» Information supplied:
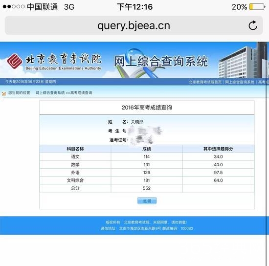 “国民闺女”关晓彤2016年参加高考的时候也是备受大家关注啊!她不仅人漂亮,演技好,上学期间更是一名学霸!不过她最后不负众望,取得了高考总分552分,超过北京市艺术类文科本科线206分。其中,数学131分,英语126分,被网友赞为学霸!“什么也不说了,我非常满意!”关晓彤母亲在朋友圈写道。
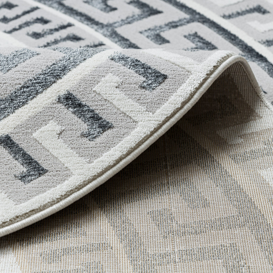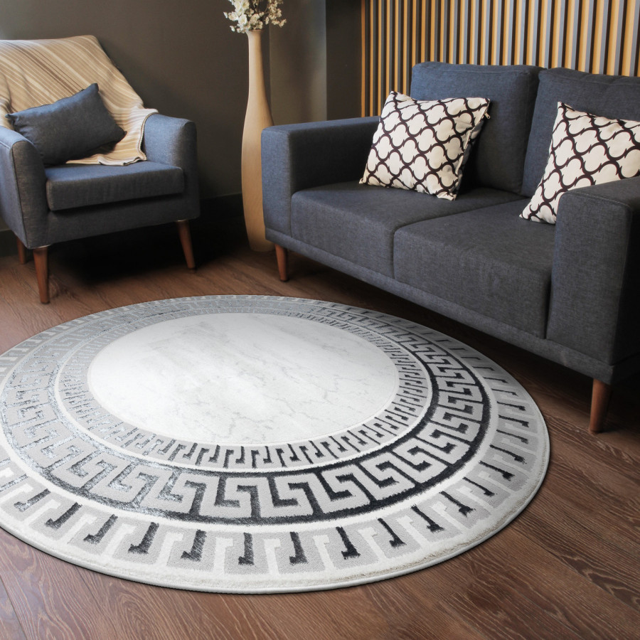 Kruhový koberec Allure 1960 white/grey se skvěle hodí do obývacího pokoje jako reprezentativní prvek, do ložnice pro vytvoření harmonického prostředí i do pracovny, kde podpoří elegantní a seriózní atmosféru. Působí moderně a zároveň nadčasově díky elegantnímu spojení geometrie a jemného mramorového efektu. Světlý podklad s decentní kresbou kontrastuje s výraznou bordurou v šedo-černém provedení, která připomíná klasický motiv řeckého klíče. Koberec je vyrobený ze směsi 60 % polypropylenu a 40 % polyesteru, takže je pevný, odolný a zároveň měkký na dotek. Dvě úrovně vlasu vytvářejí jemný 3D efekt, který podtrhuje strukturu a dodává koberci vizuální hloubku. Certifikace OEKO-TEX garantuje zdravotní nezávadnost, koberec je proto bezpečný i pro domácnosti s dětmi či alergiky. Samozřejmostí je i možnost použití s podlahovým vytápěním.
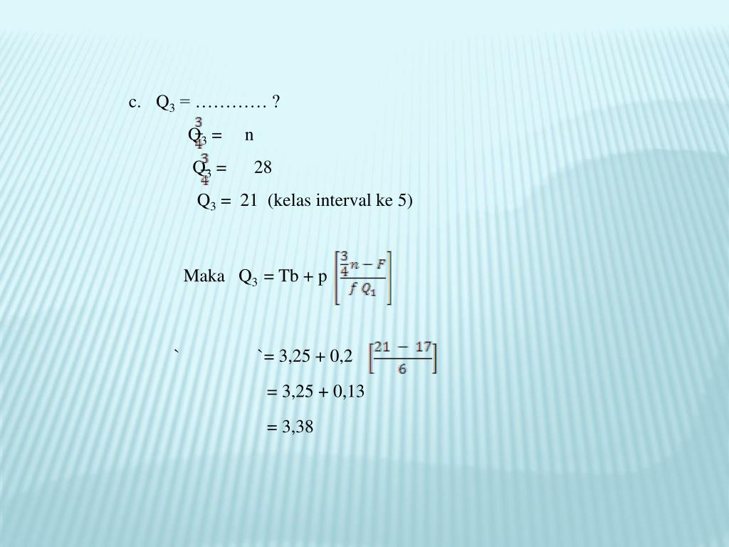 Q3 = ………… ? • Q3 = n • Q3 = 28 • Q3 = 21 (kelas interval ke 5) • Maka Q3 = Tb + p • ` `= 3,25 + 0,2 • = 3,25 + 0,13 • = 3,38
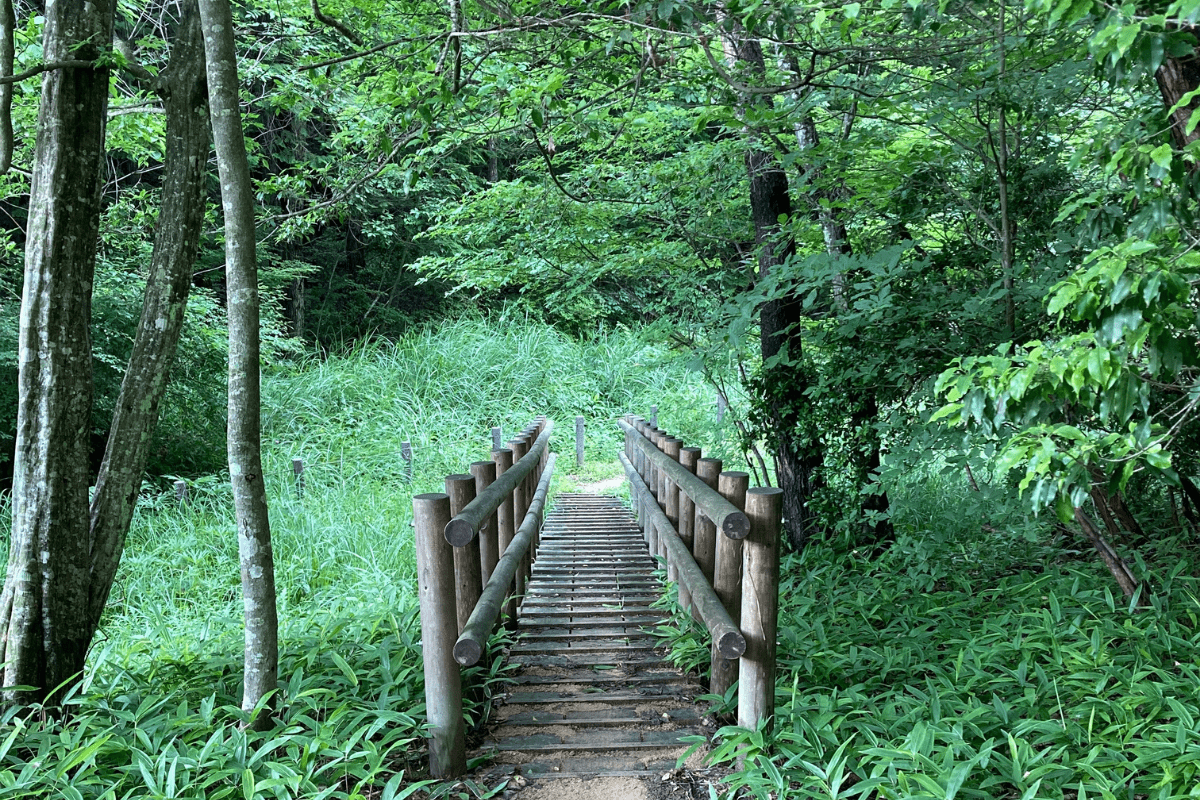 鯉が窪湿原のほとりにある遊歩道は、深い緑の中でしっかりと道筋を示してくれています。自然に馴染んだ木製の遊歩道は、どれも絵になりフォトジェニック。

» Assignment: Could you repeat all of the data exactly, minus the pictures?

» Reply to the exercise:
 “国民闺女”关晓彤2016年参加高考的时候也是备受大家关注啊!她不仅人漂亮,演技好,上学期间更是一名学霸!不过她最后不负众望,取得了高考总分552分,超过北京市艺术类文科本科线206分。其中,数学131分,英语126分,被网友赞为学霸!“什么也不说了,我非常满意!”关晓彤母亲在朋友圈写道。
 Kruhový koberec Allure 1960 white/grey se skvěle hodí do obývacího pokoje jako reprezentativní prvek, do ložnice pro vytvoření harmonického prostředí i do pracovny, kde podpoří elegantní a seriózní atmosféru. Působí moderně a zároveň nadčasově díky elegantnímu spojení geometrie a jemného mramorového efektu. Světlý podklad s decentní kresbou kontrastuje s výraznou bordurou v šedo-černém provedení, která připomíná klasický motiv řeckého klíče. Koberec je vyrobený ze směsi 60 % polypropylenu a 40 % polyesteru, takže je pevný, odolný a zároveň měkký na dotek. Dvě úrovně vlasu vytvářejí jemný 3D efekt, který podtrhuje strukturu a dodává koberci vizuální hloubku. Certifikace OEKO-TEX garantuje zdravotní nezávadnost, koberec je proto bezpečný i pro domácnosti s dětmi či alergiky. Samozřejmostí je i možnost použití s podlahovým vytápěním.
 Q3 = ………… ? • Q3 = n • Q3 = 28 • Q3 = 21 (kelas interval ke 5) • Maka Q3 = Tb + p • ` `= 3,25 + 0,2 • = 3,25 + 0,13 • = 3,38
 鯉が窪湿原のほとりにある遊歩道は、深い緑の中でしっかりと道筋を示してくれています。自然に馴染んだ木製の遊歩道は、どれも絵になりフォトジェニック。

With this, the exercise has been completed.